Extracted records
§ §

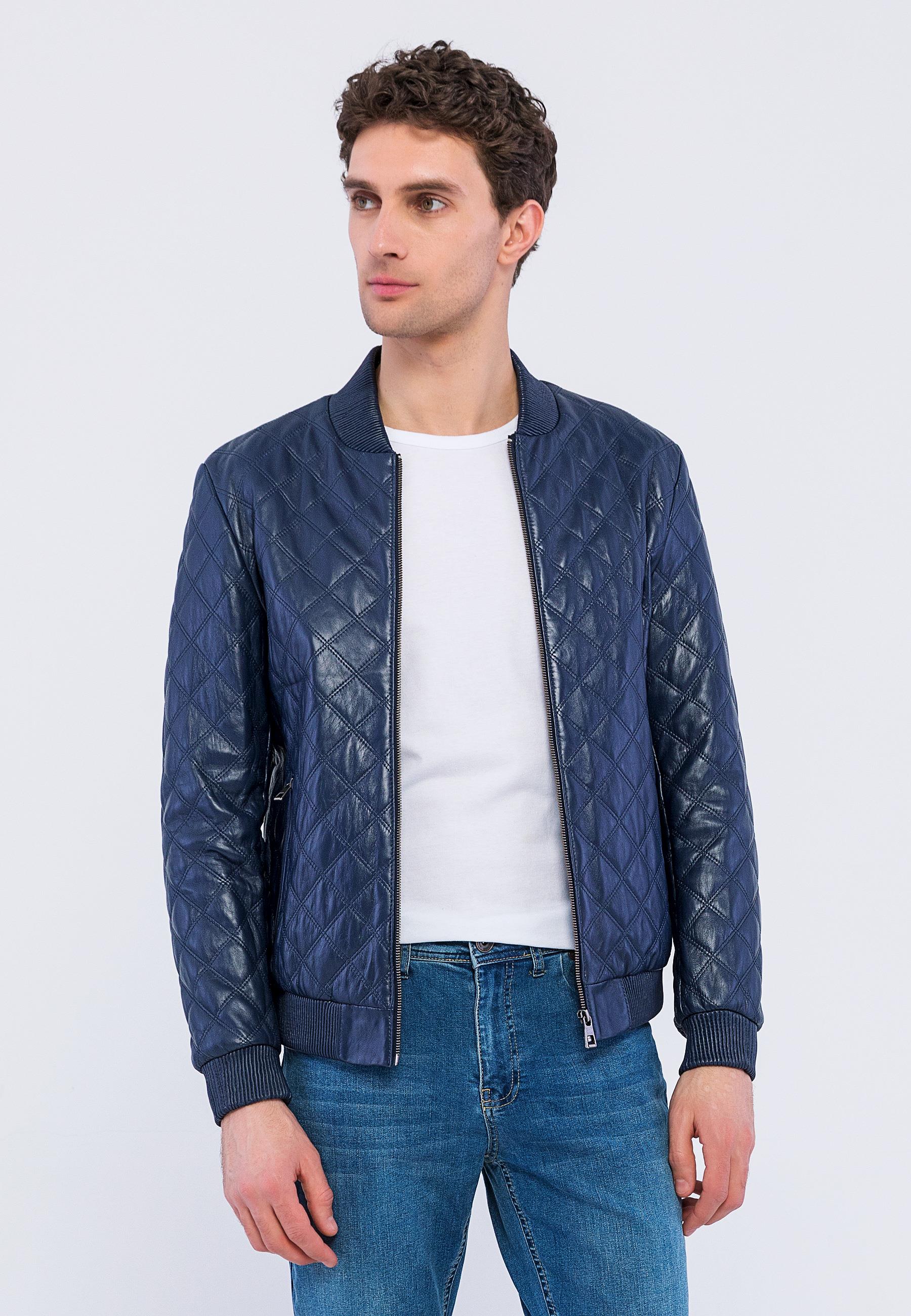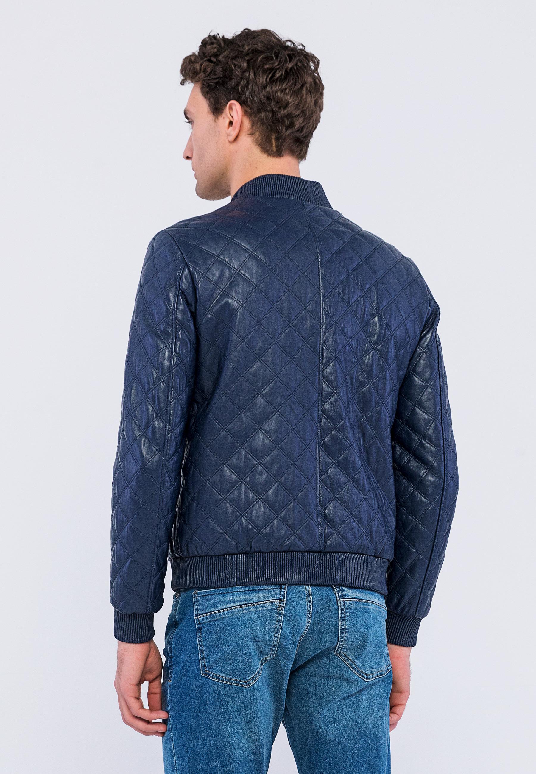 Basics&More Erkek Kapitone Koyu Mavi Deri Ceket - E10031
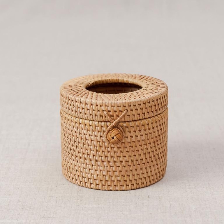 Hộp giấy ăn hình tròn bằng mây guột, Kích thước 14x11cm
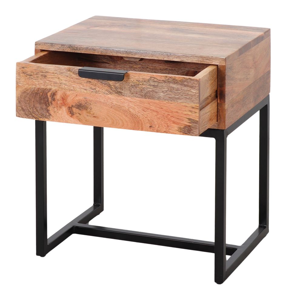 Made of solid mango wood with 1 drawer.
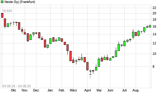 Mit dem Anstieg auf 16,56 EUR hat die Neste OYJ-Aktie (ISIN FI0009013296) am 03.09.2025 ein neues 6-Monats-Hoch erreicht und damit den Kurs vom 27.08.2025 eingestellt.Die Neste OYJ-Aktie befindet ...weiterlesen
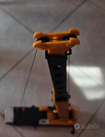 Gru gialla con braccio con varie altezze, metallo e plastica.
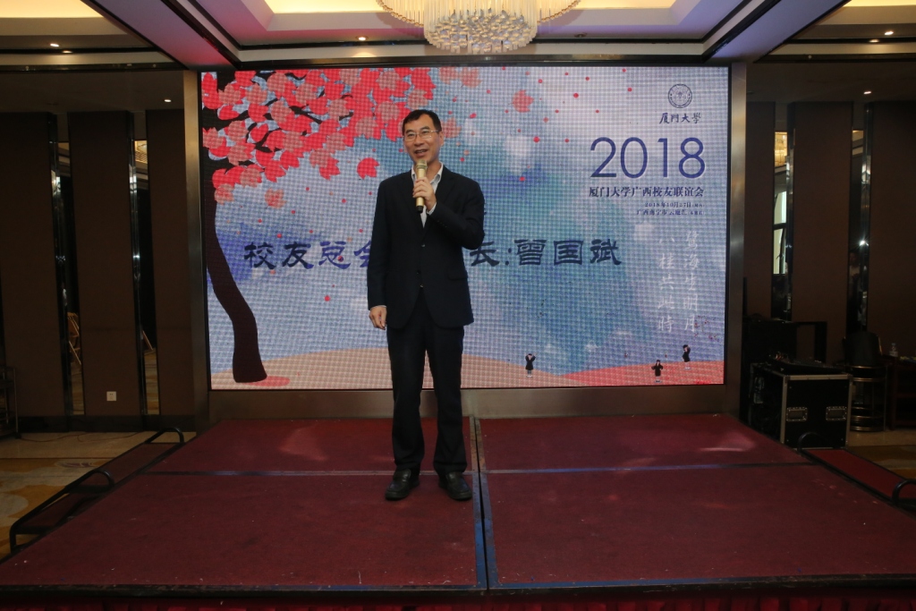 曾国斌在致辞中指出,母校与广西的联系非常密切。双方于2016年签订战略合作协议,在人才培养、科研合作、干部挂职交流等方面开展了多种方式的交流与合作。他鼓励广大校友在各自岗位上发光发热,追求事业进步,提高母校在社会上的美誉度;希望广西校友会进一步加强校友组织建设,强化校友的凝聚力与向心力,不断提升服务校友水平,将校友会打造成为校友们永远的精神家园。
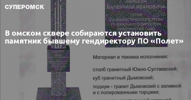 В омском сквере имени В.И. Зайцева намерены установить мемориал почившему гендиректору ПО «Полет».
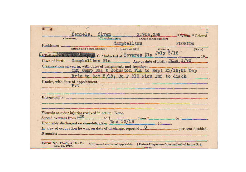 Florida. Military Dept. Olven Daniels. . State Archives of Florida, Florida Memory. Accessed 4 Feb. 2026.<https://www.floridamemory.com/items/show/210902>
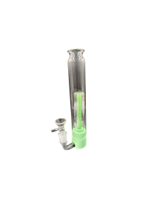 A sleek glass water pipe with a silicone base and percolator, featuring a clear detachable bowl for smooth filtration. Stylish and functional for a refined smoking experience.
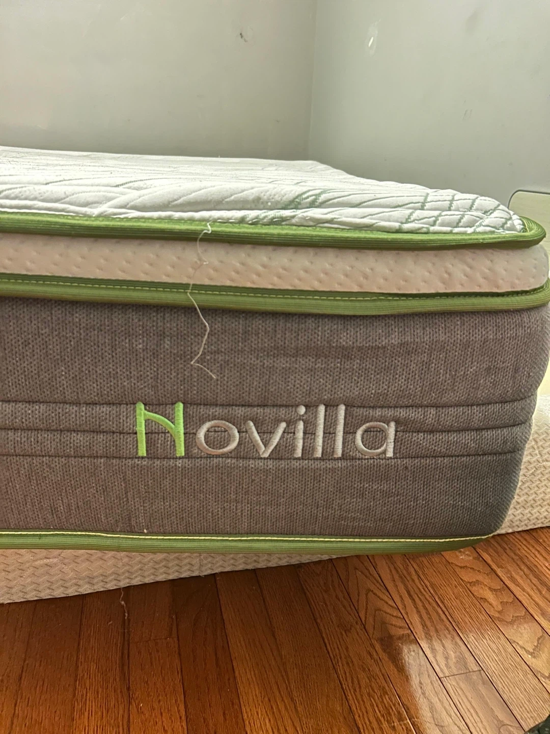 This is a Novilla mattress. It features a quilted top with a grey and green side panel design. Box spring included.
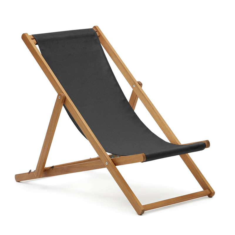 Adredna Складной шезлонг черного цвета с основанием из массива акации

§ §

▸ Work required: Leave the pictures aside and give every entry above again word for word.

▸ Response below:
 Basics&More Erkek Kapitone Koyu Mavi Deri Ceket - E10031
 Hộp giấy ăn hình tròn bằng mây guột, Kích thước 14x11cm
 Made of solid mango wood with 1 drawer.
 Mit dem Anstieg auf 16,56 EUR hat die Neste OYJ-Aktie (ISIN FI0009013296) am 03.09.2025 ein neues 6-Monats-Hoch erreicht und damit den Kurs vom 27.08.2025 eingestellt.Die Neste OYJ-Aktie befindet ...weiterlesen
 Gru gialla con braccio con varie altezze, metallo e plastica.
 曾国斌在致辞中指出,母校与广西的联系非常密切。双方于2016年签订战略合作协议,在人才培养、科研合作、干部挂职交流等方面开展了多种方式的交流与合作。他鼓励广大校友在各自岗位上发光发热,追求事业进步,提高母校在社会上的美誉度;希望广西校友会进一步加强校友组织建设,强化校友的凝聚力与向心力,不断提升服务校友水平,将校友会打造成为校友们永远的精神家园。
 В омском сквере имени В.И. Зайцева намерены установить мемориал почившему гендиректору ПО «Полет».
 Florida. Military Dept. Olven Daniels. . State Archives of Florida, Florida Memory. Accessed 4 Feb. 2026.<https://www.floridamemory.com/items/show/210902>
 A sleek glass water pipe with a silicone base and percolator, featuring a clear detachable bowl for smooth filtration. Stylish and functional for a refined smoking experience.
 This is a Novilla mattress. It features a quilted top with a grey and green side panel design. Box spring included.
 Adredna Складной шезлонг черного цвета с основанием из массива акации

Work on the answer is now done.